◆ DATA EXTRACTS
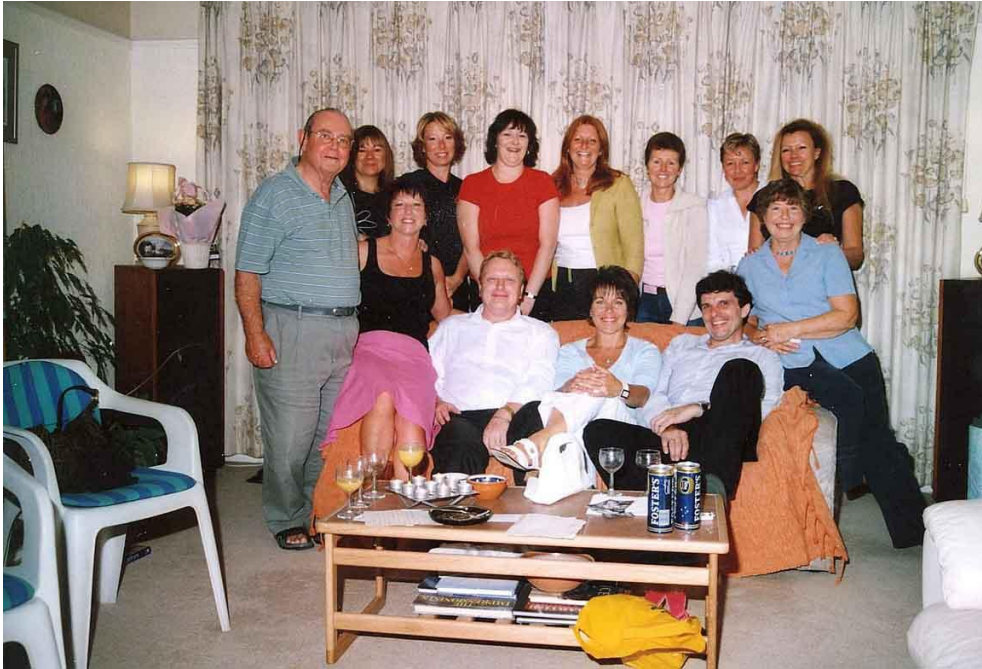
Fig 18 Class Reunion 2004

--

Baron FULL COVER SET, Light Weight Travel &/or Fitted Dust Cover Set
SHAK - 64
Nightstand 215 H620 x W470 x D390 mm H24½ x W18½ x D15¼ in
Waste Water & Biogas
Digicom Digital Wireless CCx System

◆ WHAT TO PRODUCE
Taking the material above, extract exactly and only the lines from the line with "Baron FULL COVER" to the line with "Digicom Digital Wireless CCx System", inclusive of both.

◆ ANSWER TO THIS TASK
Baron FULL COVER SET, Light Weight Travel &/or Fitted Dust Cover Set
SHAK - 64
Nightstand 215 H620 x W470 x D390 mm H24½ x W18½ x D15¼ in
Waste Water & Biogas
Digicom Digital Wireless CCx System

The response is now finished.